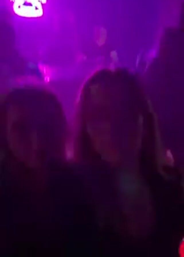 Two fair-skinned women stand close together in a dimly lit space. The woman on the left has light blonde hair and is not wearing glasses; the woman on the right has light brown hair and wears eyeglasses. Both appear to be looking toward the camera. A bright neon sign in the shape of a hookah is visible in the background, along with linear green lights. The purple light from the neon sign permeates the entire space, and silhouettes of other people can be seen in the background.
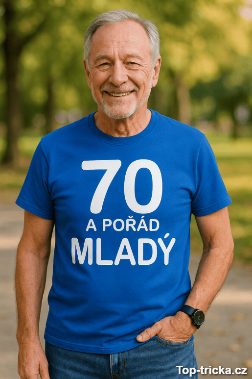 Tohle „70 a pořád mladý“ je tričko pro ty, kteří odmítají zestárnout v hlavě. Je to sebevědomý vtip v jedné větě – a funguje okamžitě, protože každý pochopí pointu 😎
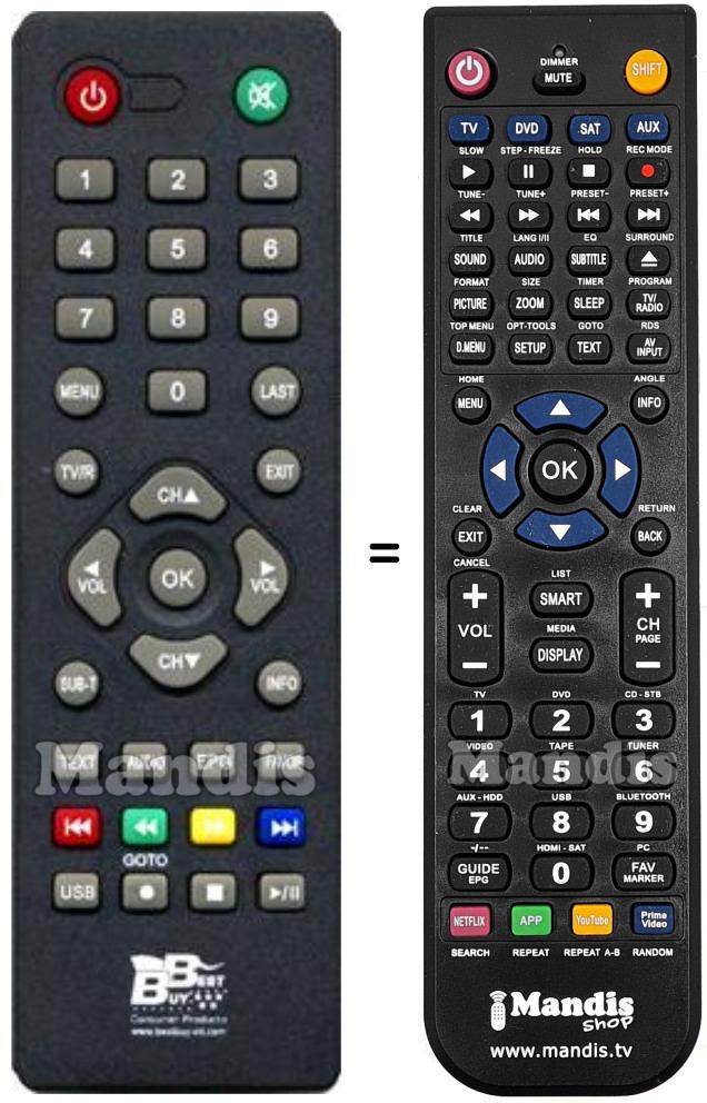 Below, we will show you the correspondence between each button on the original remote control and the button that performs the same function on the replacement remote control. In some cases, you may need to press the SHIFT key before pressing another button to perform certain actions. These additional functions are often not widely used and are included to facilitate understanding of the replacement remote control, or because the original remote control has more buttons than its equivalent.
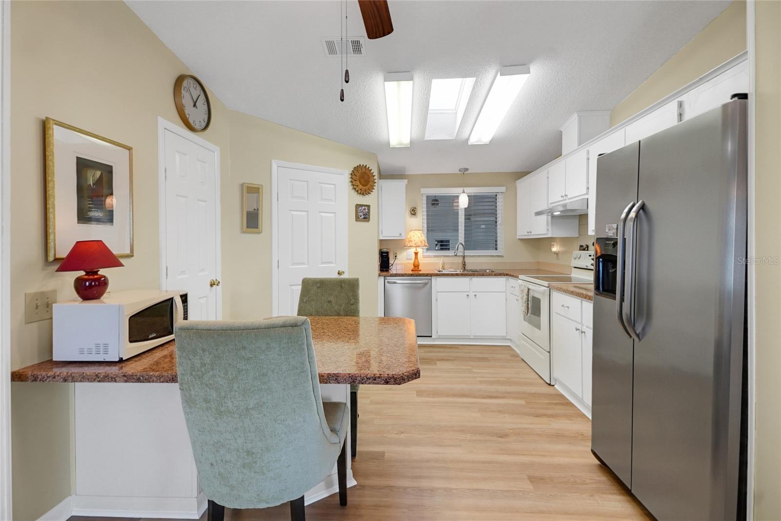 Bem -vindo a este super espaçoso atualizado com bom gosto 2/2 com garagem de carrinho de golfe grande e 2 automóveis para casa com 1336 pés quadrados aquecidos (um dos maiores) certamente agradarão na desejável vila de Country Club Hills! A partir do momento em que você entra nesta adorável casa fabricada remodelada, prepare -se para ficar impressionado! Este fabuloso 2 quartos e 2 banheiros mostra como uma casa modelo e apresenta novos pisos de tábua de vinil deslumbrantes com telhas de 14 polegadas nos banheiros e um bônus raro é a lavanderia interna! Todas as janelas (exceto a janela do chuveiro) foram substituídas nos últimos anos, com as janelas do quarto sendo substituídas em outubro de 2024. A cozinha tem muito armazenamento e também come uma área! O quarto principal é muito espaçoso e possui 3 áreas de armário (WOW) e o banheiro principal apresenta uma caminhada no chuveiro. O quarto de hóspedes é de bom tamanho e pode acomodar uma cama queen size facilmente. O banheiro de hóspedes tem uma combinação de banheira/chuveiro. Todas as luminárias foram substituídas e o interior foi pintado profissionalmente em 2024. Ao longo da planta aberta, o deslumbrante piso de tábua de vinil de luxo (2024) fornece uma bela tela para todas as suas idéias de decoração e a luz natural, os tetos abobadados e a abertura da casa e faz com que se sinta muito maior! Uma das casas mais limpas e com bom gosto nas aldeias! O HVAC é mais recente (2019), HWH é novo (12/2024) e o telhado é um teto de membrana, portanto não há problemas de seguro! Além disso, a lavadora é nova com uma garantia transferível. Por mais incrível que seja o interior, o espaço ao ar livre é acolhedor com uma garagem pintada, paisagismo adorável, incluindo uma área de árvore em forma de coração, garagem para carrinho de golfe, uma lancinai de 10 x 18 e uma área de pátio para grelhar. O melhor de tudo: não há vínculo e você está apenas 3 minutos para a laranjeira CC, golfe, hospital e todas as compras, restaurantes e comodidades que tornam a vida nas aldeias muito divertida! Pergunte sobre o recebimento de uma cópia do limpo 4 pontos realizado em 17/12/24.
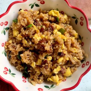 热锅冷油加入切好的葱末,炒香后加入腊肠丁(腊肠是我提前用锅蒸了10分钟的)随后加入青椒丁,超出香味后加入拌好的米饭,边抄边尝,加入少许鸡精,少许盐就可以出锅啦
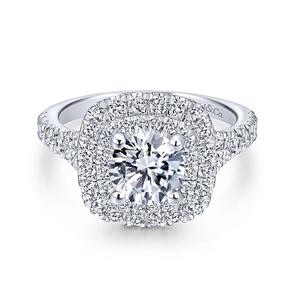 SAMPLE D=1.07cttw 14k White Gold Round Double Halo Diamond
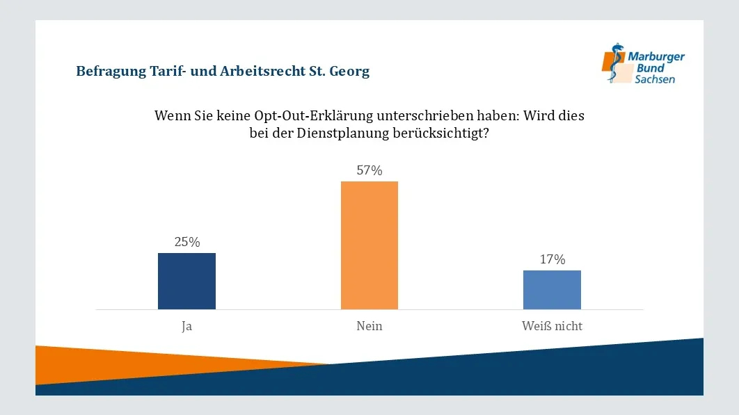 • Opt-Out-Regelung: Mehr als die Hälfte derjenigen Ärztinnen und Ärzte, die keine Opt-Out-Regelung unterschrieben haben und für die damit die gesetzlichen Arbeitszeitgrenzen gelten, gibt an, dass dies in der Dienstplanung nicht berücksichtigt wird. Eine solche Dienstplanung verstößt gegen geltendes Arbeitszeit- und Tarifrecht.

· · · · ·

■ **Your task**
Skip the pictures. Restate exactly the lines from the start of the entries through the line containing "Below, we will", both ends included.

■ **Solution to this exercise**
 Two fair-skinned women stand close together in a dimly lit space. The woman on the left has light blonde hair and is not wearing glasses; the woman on the right has light brown hair and wears eyeglasses. Both appear to be looking toward the camera. A bright neon sign in the shape of a hookah is visible in the background, along with linear green lights. The purple light from the neon sign permeates the entire space, and silhouettes of other people can be seen in the background.
 Tohle „70 a pořád mladý“ je tričko pro ty, kteří odmítají zestárnout v hlavě. Je to sebevědomý vtip v jedné větě – a funguje okamžitě, protože každý pochopí pointu 😎
 Below, we will show you the correspondence between each button on the original remote control and the button that performs the same function on the replacement remote control. In some cases, you may need to press the SHIFT key before pressing another button to perform certain actions. These additional functions are often not widely used and are included to facilitate understanding of the replacement remote control, or because the original remote control has more buttons than its equivalent.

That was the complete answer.